If people cannot persuade others, establish a nonprofit or political party, write freely in the media and investigate corruption, you cannot really claim that the majority has spoken, even when there are elections.

THE SAME applies to the right to equality, which is generally viewed as the very essence of democracy and the source of the principle of majority rule. Where does “one person one vote” come from, if all individuals are not equal?

For zionist realization

We must not forget that with regard to equality, Israel has been in an extremely delicate position even before these proposals were raised because it is a Jewish and democratic state. Then, several years ago, the Basic Law: Israel the Nation-State of the Jewish People was enacted.

Many ardent Zionists who were not against the law were nevertheless troubled by its omission of a clear statement that Israel guarantees equal rights to all its citizens. The repeated response of the law’s sponsors was that “the Nation-State Law is not the place to protect equality, which is already protected by the Basic Law: Human Dignity and Freedom.” Beyond the fact that this statement was inaccurate because this protection derives only from the court’s interpretation of human dignity, now the very same camp is proposing to nullify this interpretation and with it the constitutional protection of equality.

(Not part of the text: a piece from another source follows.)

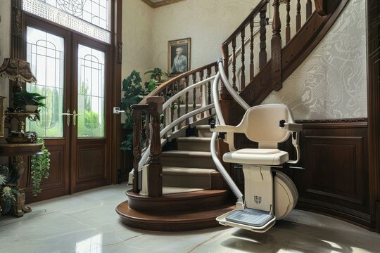 Comfortable stairlift seamlessly enhances the living space for elderly mobility in a cozy home environment

Throughout the world, the response to the Nation-State Law was to denounce Israel as an apartheid state. Jurists in Israel and abroad rightly defended the country on the grounds that even after the law’s enactment we still enjoy the constitutional protection of the Basic Law: Human Dignity and Freedom, as well as a strong and independent Supreme Court that would never permit discrimination on the basis of a citizen’s national identity.

How can we continue to make this claim? How can we continue to respond to the anti-Zionist argument that a Jewish state cannot be democratic, as well, if the equal rights of minorities guaranteed in the Declaration of Independence are no longer protected, even if only thanks to a judicial interpretation and a strong court?

It follows that the current battle against the judicial overhaul is not being waged only to safeguard democracy, it is also a fight to preserve Zionism itself. It is a fight to maintain the justification for Israel’s existence as viewed in the eyes of the world and in our own eyes as a state that is not only Jewish but also democratic. This is why the demonstrators’ use of flags and their reference to the Declaration of Independence is precisely on target: This is not a campaign on behalf of the values of a particular camp but rather a war waged on the very character of our country as a Jewish and democratic state – a struggle on behalf of Zionism itself.

The writer is a senior researcher at the Israel Democracy Institute.